[Records supplied]
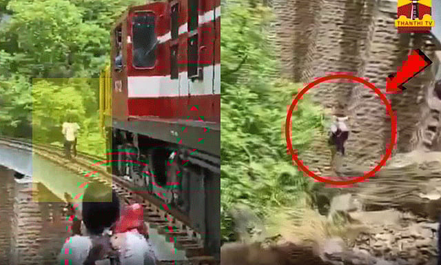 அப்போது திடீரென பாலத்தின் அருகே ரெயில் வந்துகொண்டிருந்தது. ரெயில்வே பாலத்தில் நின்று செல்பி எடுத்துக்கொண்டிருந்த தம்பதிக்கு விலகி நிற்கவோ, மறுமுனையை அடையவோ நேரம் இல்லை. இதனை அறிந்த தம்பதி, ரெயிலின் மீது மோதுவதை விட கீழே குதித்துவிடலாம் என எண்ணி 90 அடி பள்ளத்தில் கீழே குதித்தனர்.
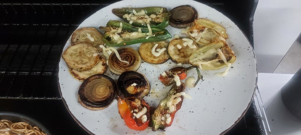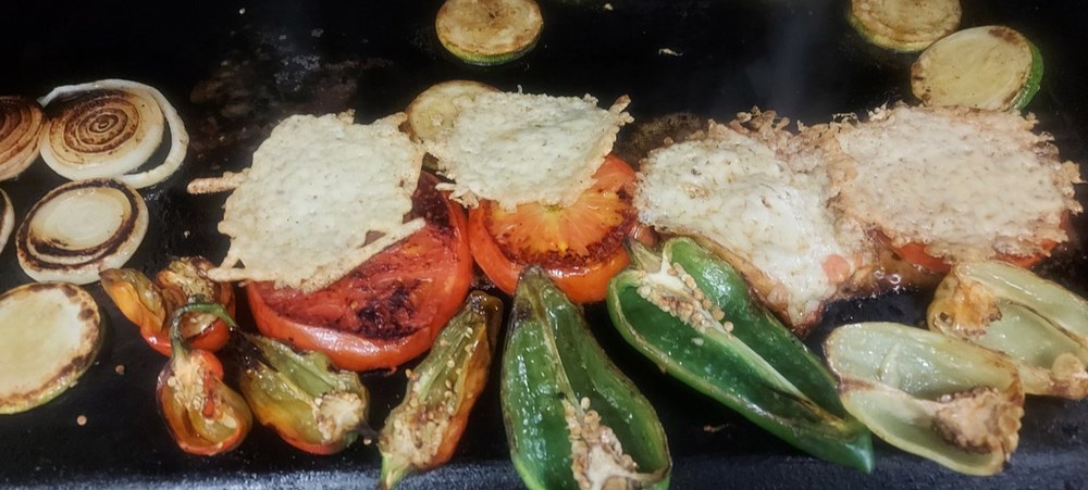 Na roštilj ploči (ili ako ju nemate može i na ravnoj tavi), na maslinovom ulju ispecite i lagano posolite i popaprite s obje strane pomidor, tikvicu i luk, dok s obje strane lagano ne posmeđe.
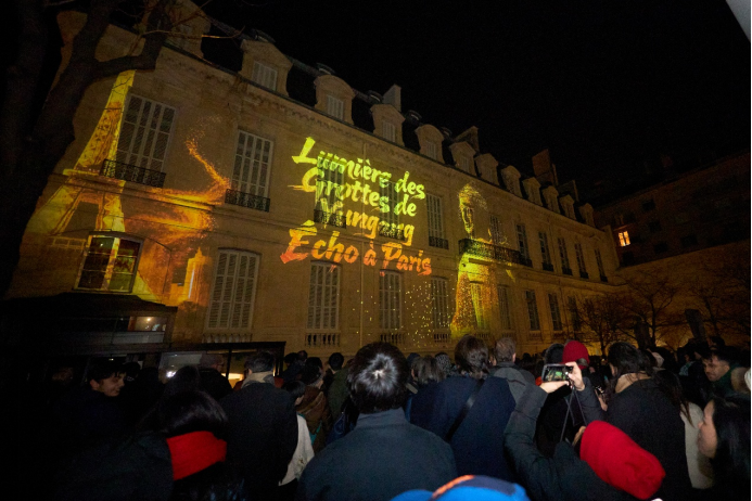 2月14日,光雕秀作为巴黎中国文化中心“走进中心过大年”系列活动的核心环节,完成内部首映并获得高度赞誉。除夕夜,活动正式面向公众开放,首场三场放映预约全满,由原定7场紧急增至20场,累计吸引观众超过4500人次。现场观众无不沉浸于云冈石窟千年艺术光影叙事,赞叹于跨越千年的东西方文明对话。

--

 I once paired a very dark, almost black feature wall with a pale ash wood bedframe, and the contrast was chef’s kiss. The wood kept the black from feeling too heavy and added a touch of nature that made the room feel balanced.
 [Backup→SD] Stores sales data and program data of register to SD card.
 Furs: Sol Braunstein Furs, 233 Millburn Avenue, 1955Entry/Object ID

* * *

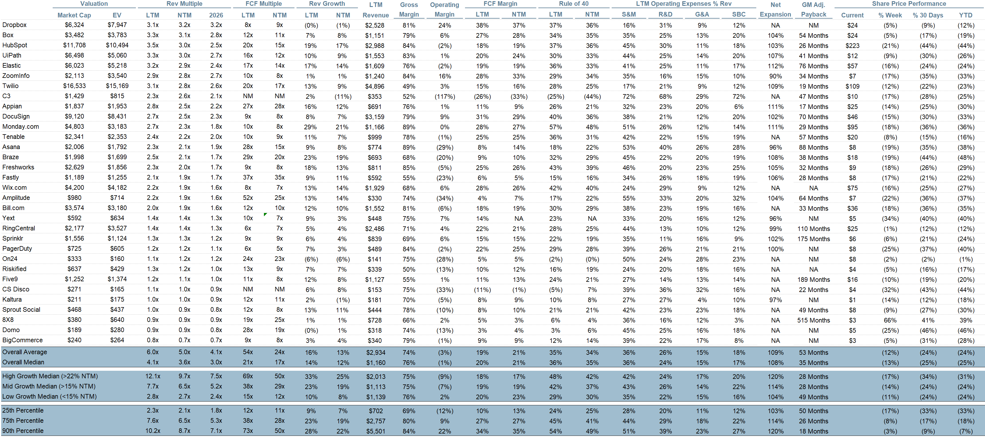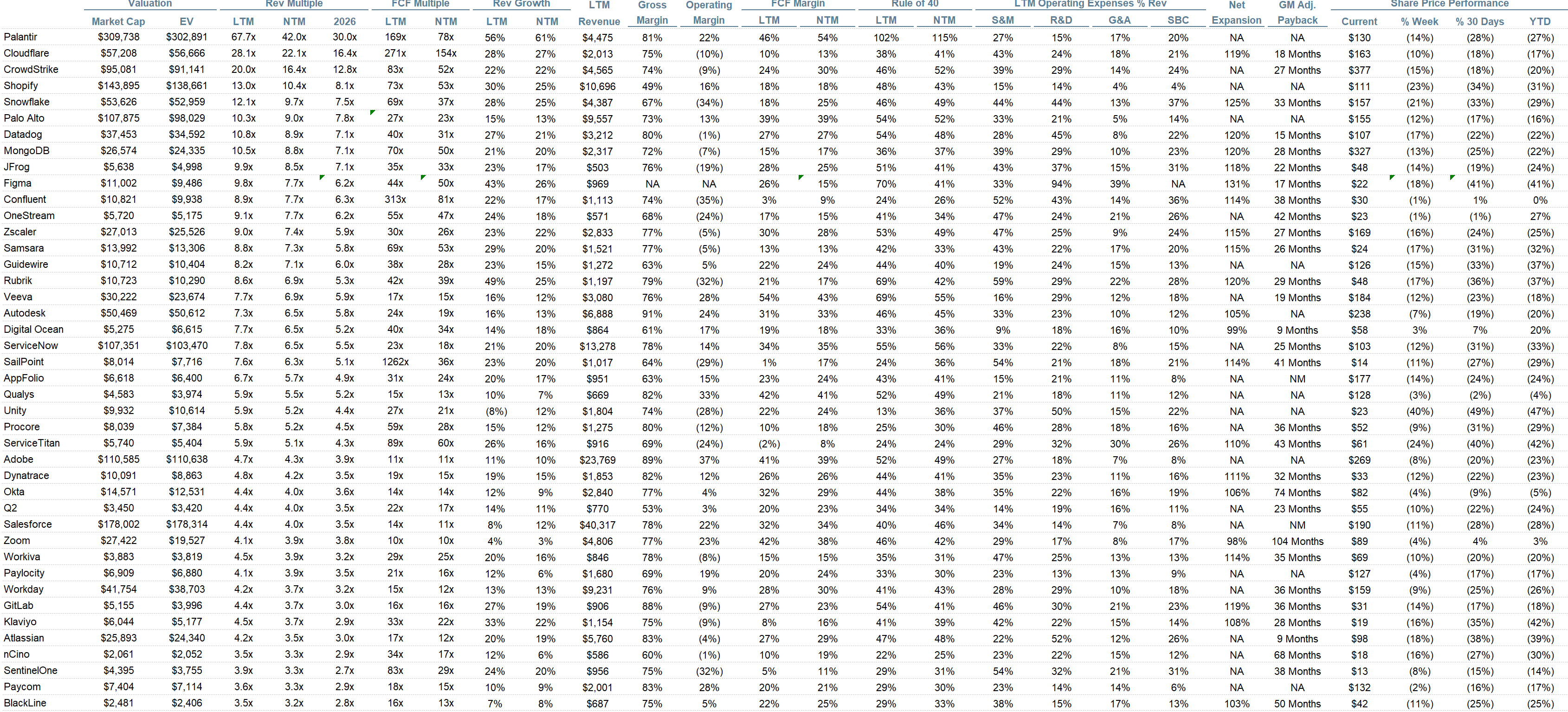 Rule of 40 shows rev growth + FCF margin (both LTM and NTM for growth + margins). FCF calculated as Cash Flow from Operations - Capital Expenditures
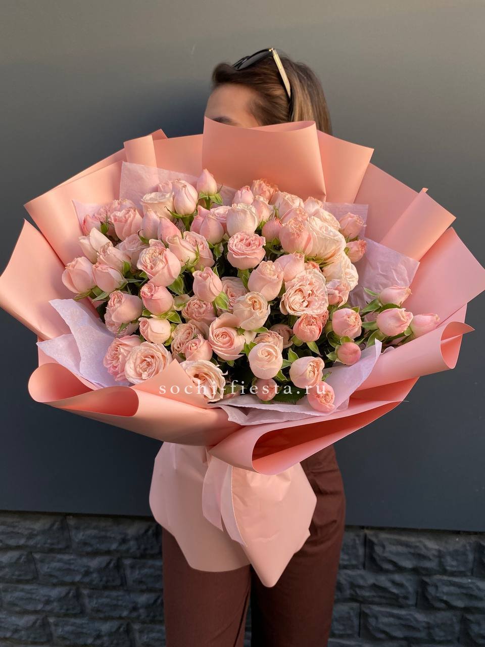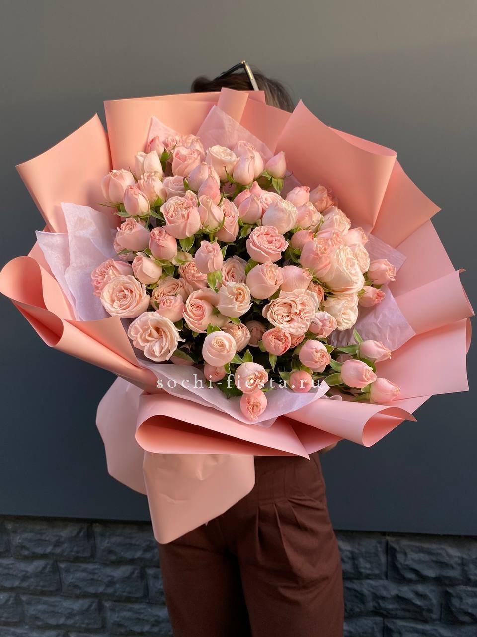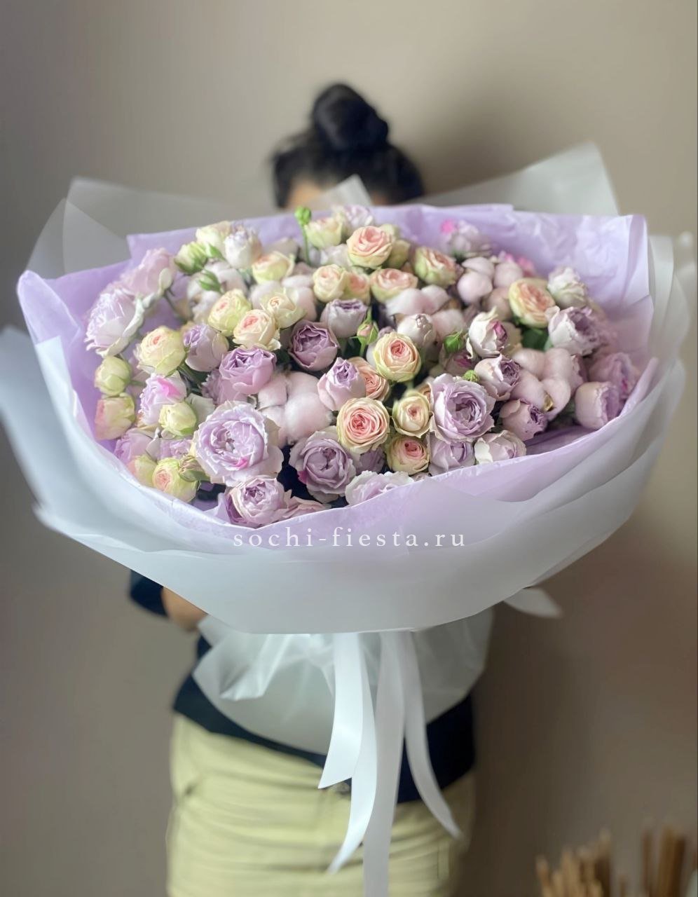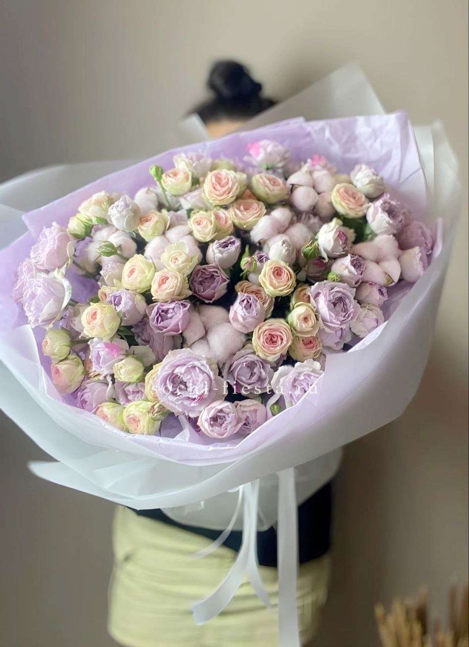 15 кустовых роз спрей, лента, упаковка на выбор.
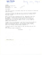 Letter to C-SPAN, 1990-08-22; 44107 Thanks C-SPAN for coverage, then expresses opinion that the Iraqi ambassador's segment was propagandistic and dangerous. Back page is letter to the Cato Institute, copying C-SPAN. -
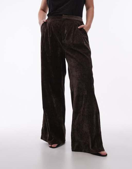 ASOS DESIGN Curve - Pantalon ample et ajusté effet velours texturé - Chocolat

[Exercise directions] In the data above, start at the line holding "Letter to C-SPAN, 1990-08-22;" and stop after the line holding "ASOS DESIGN Curve"; write out those lines exactly, without pictures.

[Answer to this exercise]
 Letter to C-SPAN, 1990-08-22; 44107 Thanks C-SPAN for coverage, then expresses opinion that the Iraqi ambassador's segment was propagandistic and dangerous. Back page is letter to the Cato Institute, copying C-SPAN. -
 ASOS DESIGN Curve - Pantalon ample et ajusté effet velours texturé - Chocolat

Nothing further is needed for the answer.